What to do => Below are some entries. Transcribe the lines from the one holding "HS-VGX. Air Siam" to the one holding "Albino Vaitkaus (Mariaus", inclusive, but not the pictures among them.
*** Opening Dataset records ***
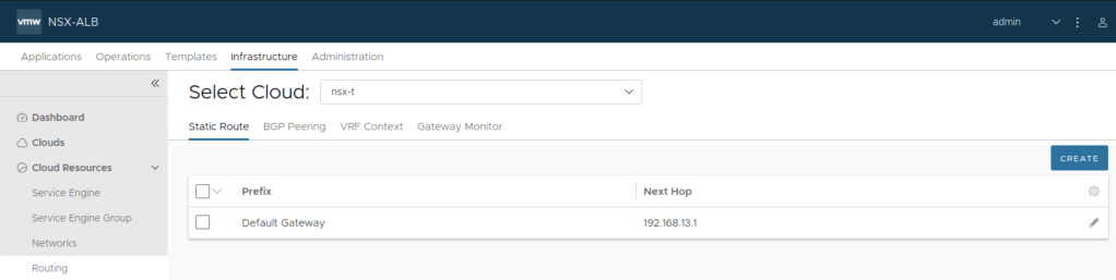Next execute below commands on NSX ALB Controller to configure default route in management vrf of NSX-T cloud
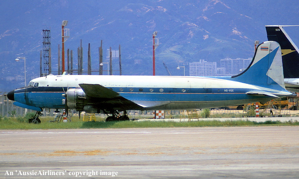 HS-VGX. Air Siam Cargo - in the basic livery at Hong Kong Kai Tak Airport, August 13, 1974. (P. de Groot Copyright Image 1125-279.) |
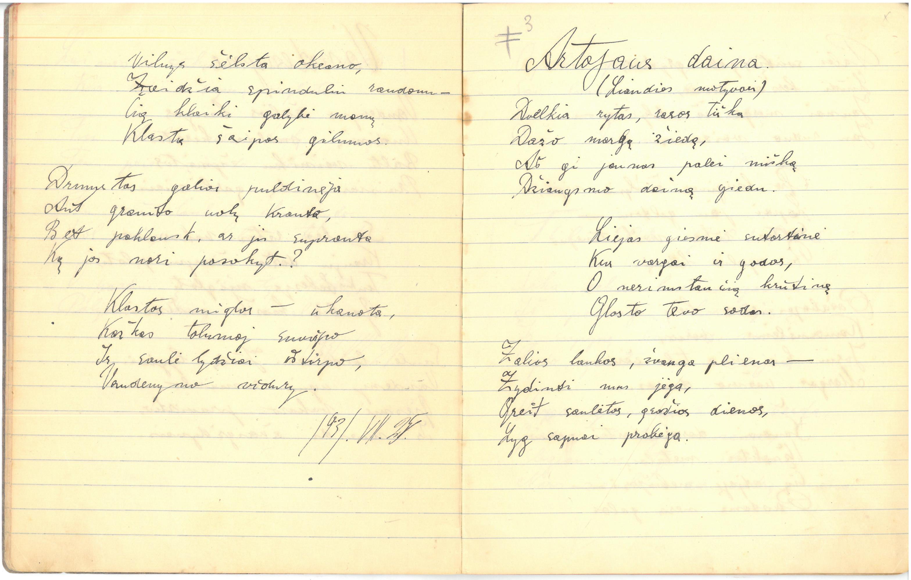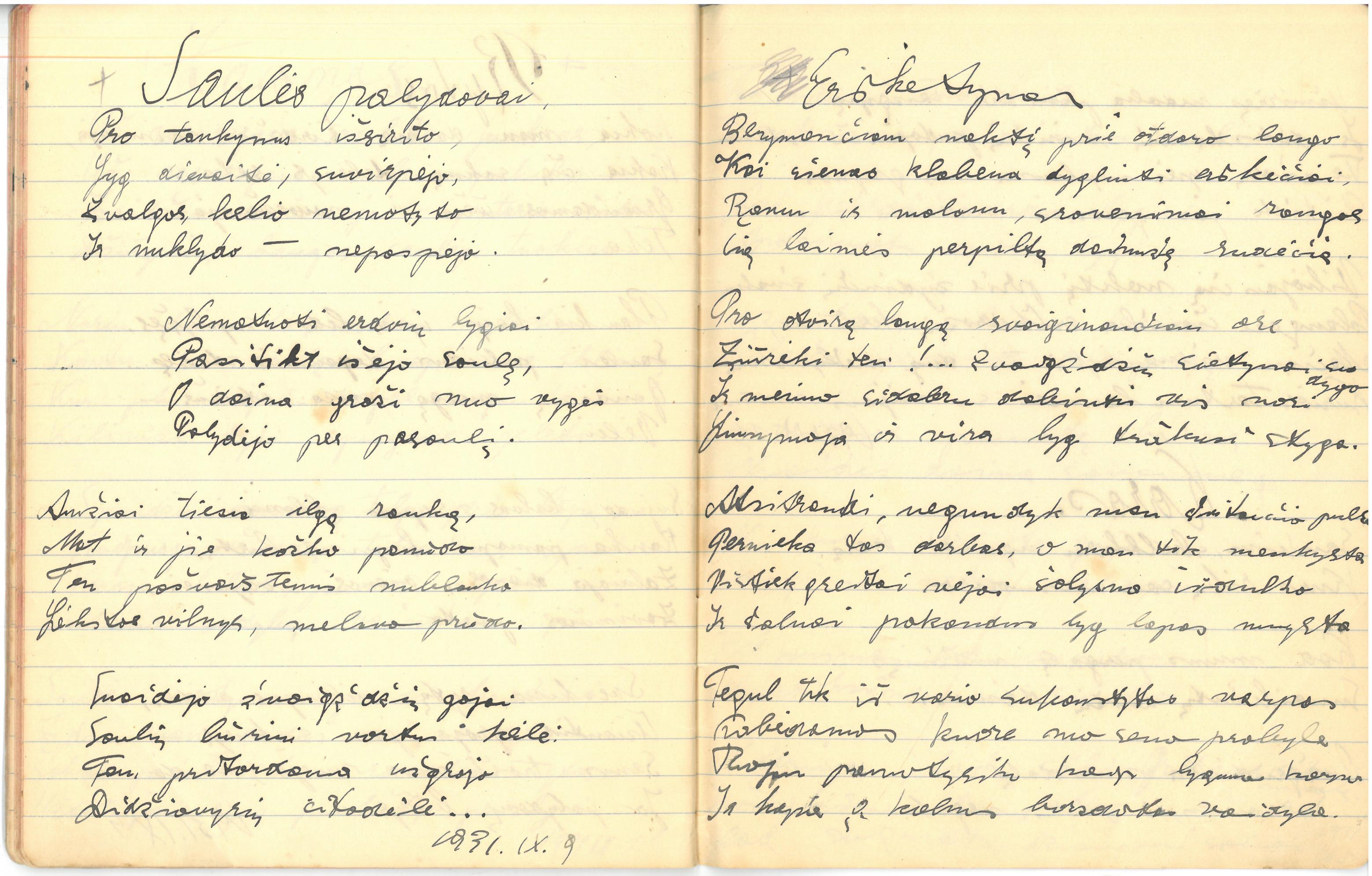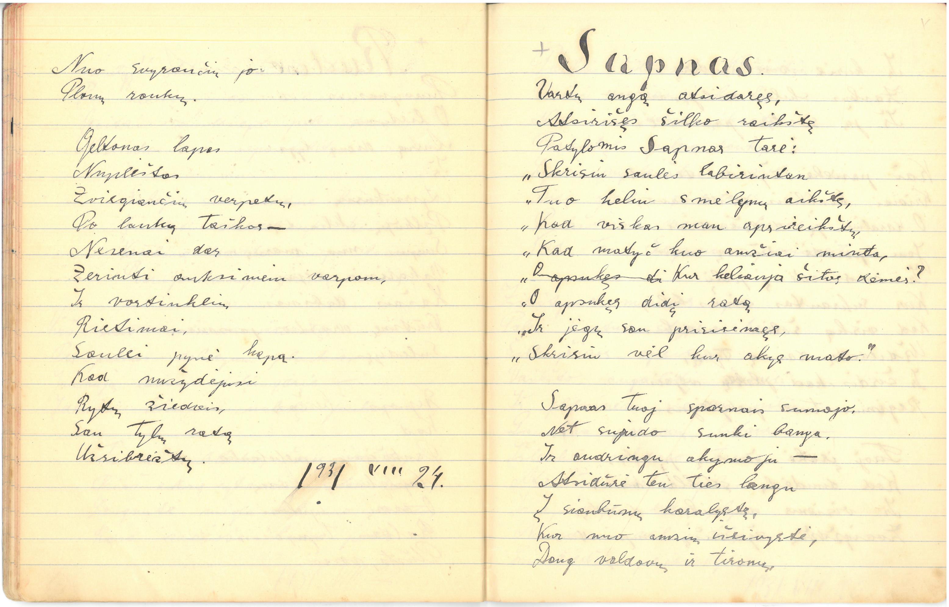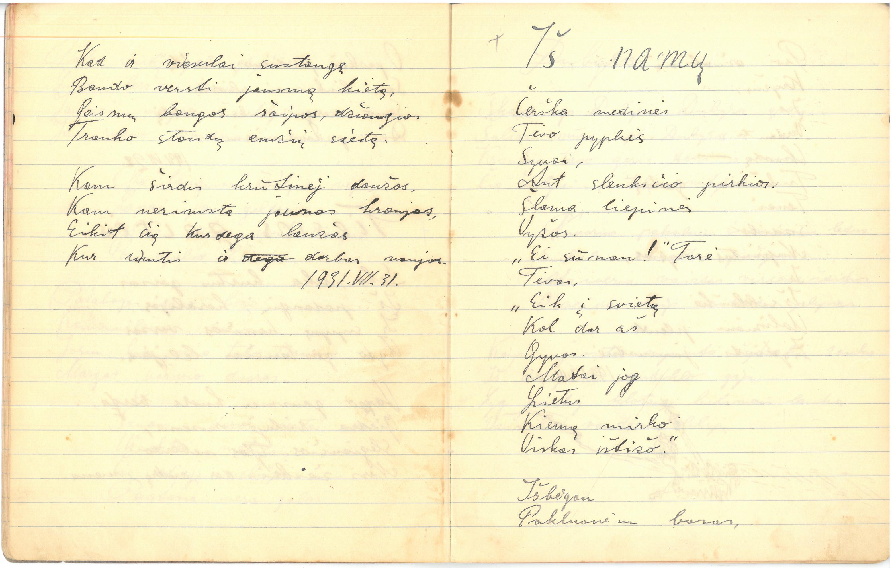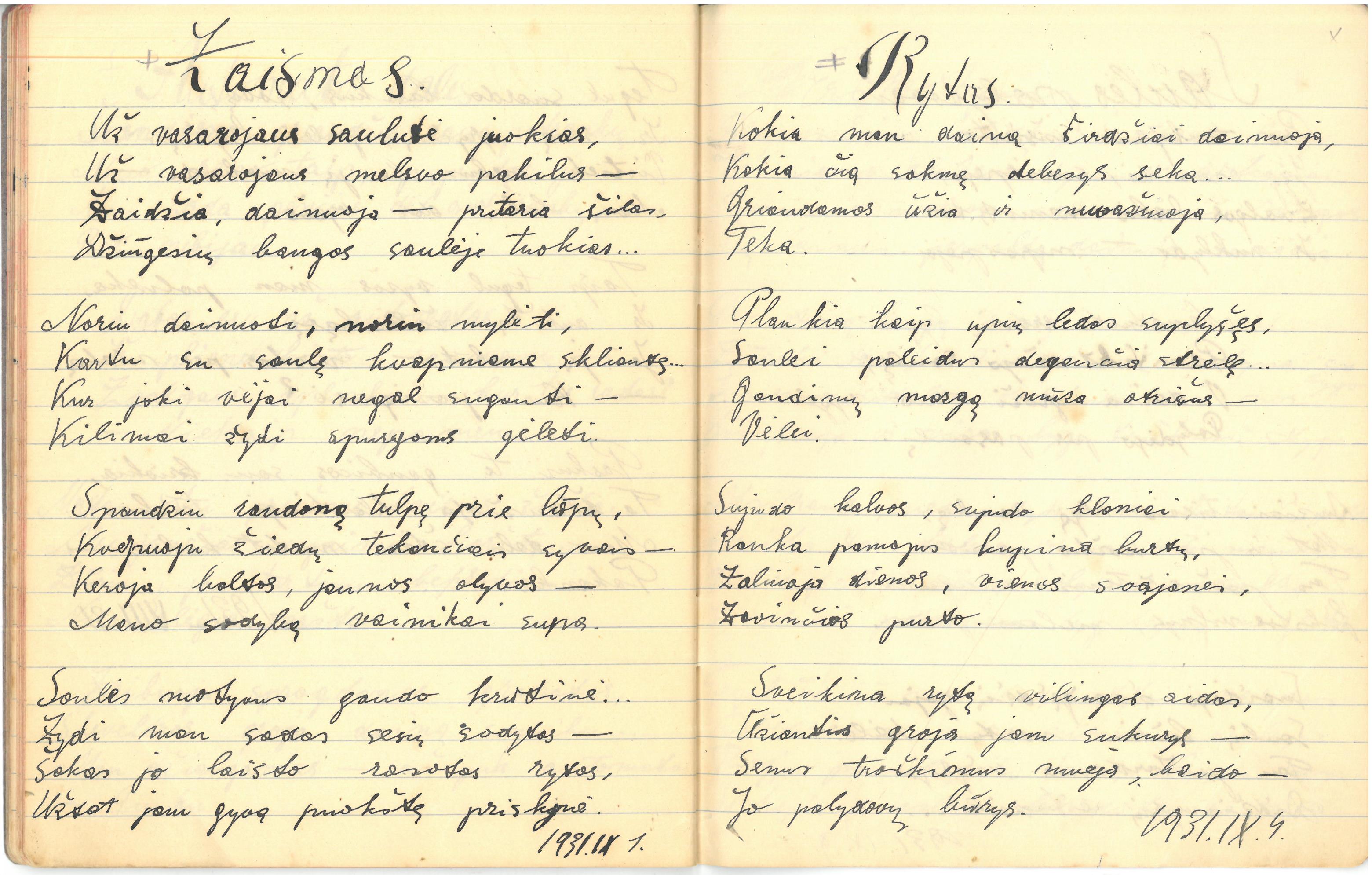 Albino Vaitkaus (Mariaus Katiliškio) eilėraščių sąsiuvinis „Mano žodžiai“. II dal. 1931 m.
*** Closing Dataset records ***
*** Opening Dataset records ***
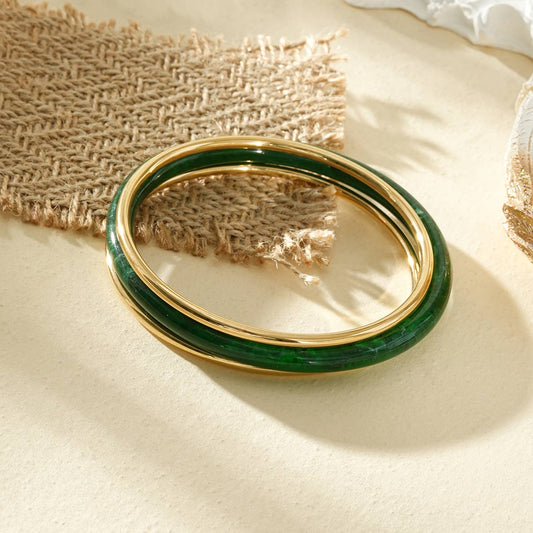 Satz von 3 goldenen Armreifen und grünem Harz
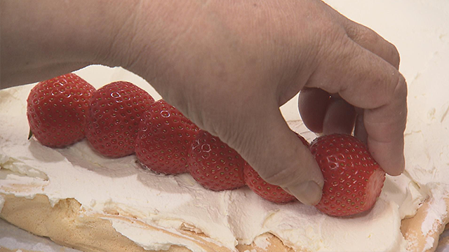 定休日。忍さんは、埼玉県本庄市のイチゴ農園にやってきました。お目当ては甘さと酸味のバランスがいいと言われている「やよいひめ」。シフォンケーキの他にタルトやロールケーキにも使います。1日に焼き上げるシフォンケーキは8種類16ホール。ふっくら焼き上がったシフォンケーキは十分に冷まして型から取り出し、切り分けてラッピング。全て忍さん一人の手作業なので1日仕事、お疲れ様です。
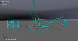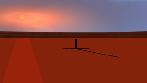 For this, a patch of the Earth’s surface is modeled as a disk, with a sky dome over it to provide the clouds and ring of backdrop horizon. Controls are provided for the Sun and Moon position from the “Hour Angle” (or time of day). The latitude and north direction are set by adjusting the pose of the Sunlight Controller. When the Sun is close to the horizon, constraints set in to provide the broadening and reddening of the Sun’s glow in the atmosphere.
*** Closing Dataset records ***
*** Opening Dataset records ***
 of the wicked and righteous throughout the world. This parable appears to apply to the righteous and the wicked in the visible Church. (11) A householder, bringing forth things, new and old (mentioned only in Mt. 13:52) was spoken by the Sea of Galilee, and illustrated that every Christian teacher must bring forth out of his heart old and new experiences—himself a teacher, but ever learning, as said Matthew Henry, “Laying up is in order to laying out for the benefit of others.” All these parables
*** Closing Dataset records ***
Final answer =>
 HS-VGX. Air Siam Cargo - in the basic livery at Hong Kong Kai Tak Airport, August 13, 1974. (P. de Groot Copyright Image 1125-279.) |
 Albino Vaitkaus (Mariaus Katiliškio) eilėraščių sąsiuvinis „Mano žodžiai“. II dal. 1931 m.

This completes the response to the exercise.